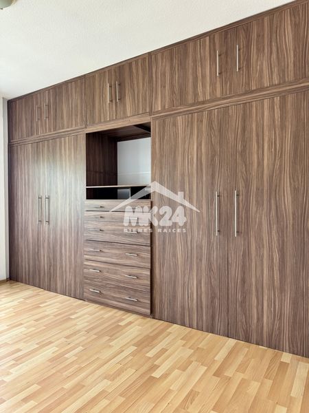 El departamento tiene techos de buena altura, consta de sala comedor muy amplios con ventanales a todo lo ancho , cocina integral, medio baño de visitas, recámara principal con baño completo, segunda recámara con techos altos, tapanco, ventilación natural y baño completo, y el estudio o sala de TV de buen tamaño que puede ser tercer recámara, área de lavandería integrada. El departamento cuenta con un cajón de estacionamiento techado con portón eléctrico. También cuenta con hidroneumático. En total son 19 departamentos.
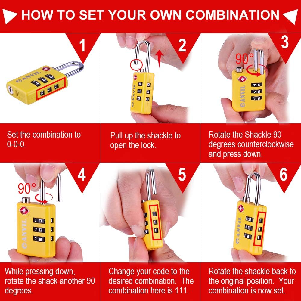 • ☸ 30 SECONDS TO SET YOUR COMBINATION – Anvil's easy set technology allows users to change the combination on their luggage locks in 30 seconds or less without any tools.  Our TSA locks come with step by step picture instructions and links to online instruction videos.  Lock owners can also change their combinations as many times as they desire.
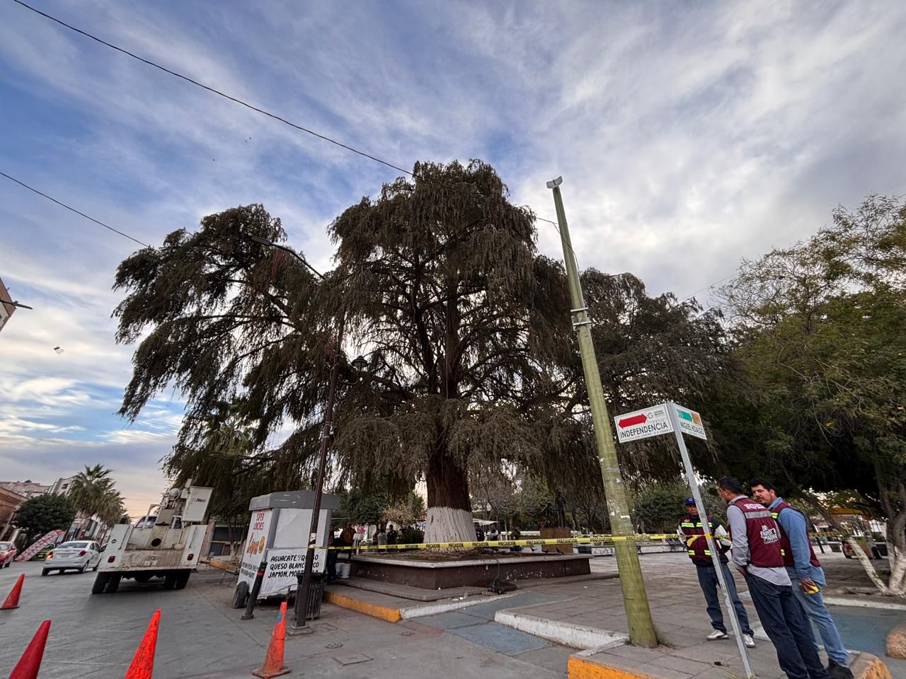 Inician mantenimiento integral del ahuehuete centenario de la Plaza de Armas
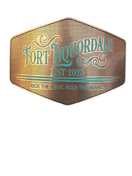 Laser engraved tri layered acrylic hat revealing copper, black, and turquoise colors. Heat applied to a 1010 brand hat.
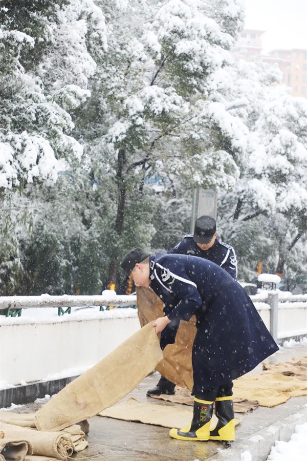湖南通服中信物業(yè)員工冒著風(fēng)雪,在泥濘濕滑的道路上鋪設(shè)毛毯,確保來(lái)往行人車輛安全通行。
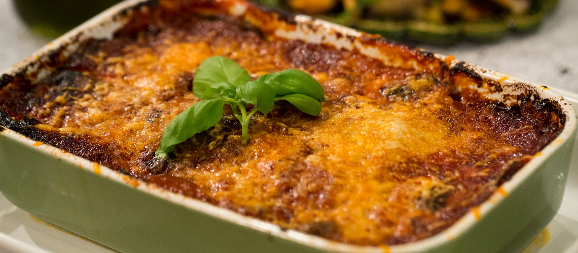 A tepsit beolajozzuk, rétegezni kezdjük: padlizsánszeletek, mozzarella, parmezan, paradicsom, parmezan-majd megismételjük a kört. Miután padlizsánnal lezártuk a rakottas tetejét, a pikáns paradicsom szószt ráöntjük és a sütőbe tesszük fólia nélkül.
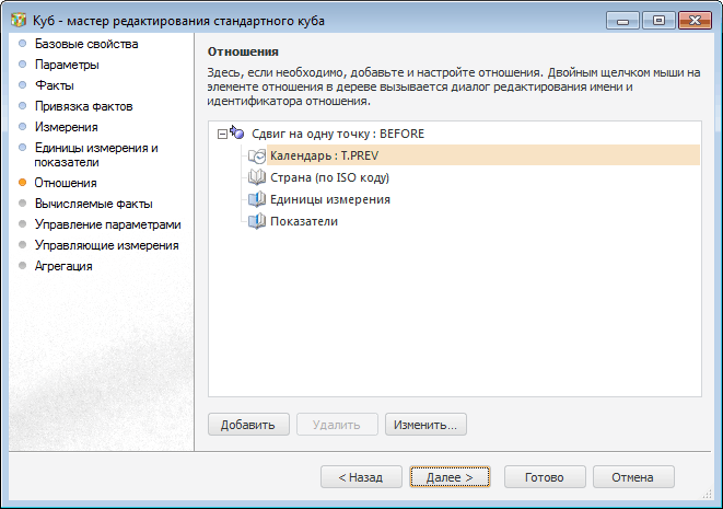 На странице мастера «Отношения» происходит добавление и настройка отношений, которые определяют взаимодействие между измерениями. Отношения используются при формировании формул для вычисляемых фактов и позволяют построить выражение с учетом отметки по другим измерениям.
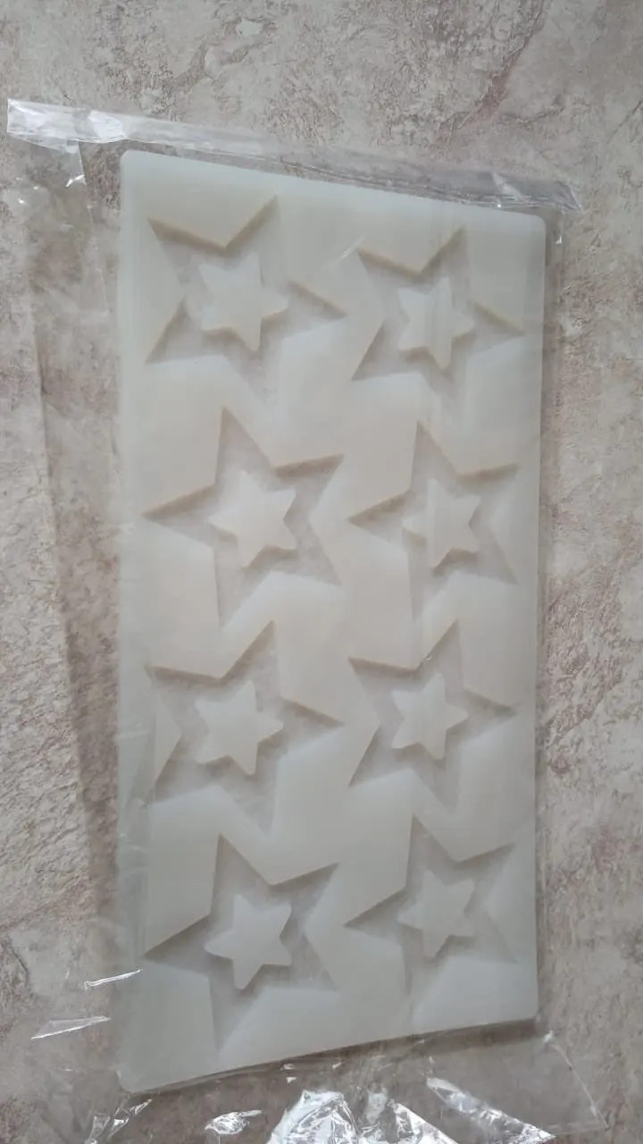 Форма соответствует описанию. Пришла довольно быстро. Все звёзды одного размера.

......

# WHAT NEEDS TO BE DONE
Copy exactly, and copy nothing else: the lines from the one containing "Laser engraved tri" through the end of the data, both ends included, with pictures left out.

# RESPONSE TO THIS TASK
 Laser engraved tri layered acrylic hat revealing copper, black, and turquoise colors. Heat applied to a 1010 brand hat.
湖南通服中信物業(yè)員工冒著風(fēng)雪,在泥濘濕滑的道路上鋪設(shè)毛毯,確保來(lái)往行人車輛安全通行。
 A tepsit beolajozzuk, rétegezni kezdjük: padlizsánszeletek, mozzarella, parmezan, paradicsom, parmezan-majd megismételjük a kört. Miután padlizsánnal lezártuk a rakottas tetejét, a pikáns paradicsom szószt ráöntjük és a sütőbe tesszük fólia nélkül.
 На странице мастера «Отношения» происходит добавление и настройка отношений, которые определяют взаимодействие между измерениями. Отношения используются при формировании формул для вычисляемых фактов и позволяют построить выражение с учетом отметки по другим измерениям.
 Форма соответствует описанию. Пришла довольно быстро. Все звёзды одного размера.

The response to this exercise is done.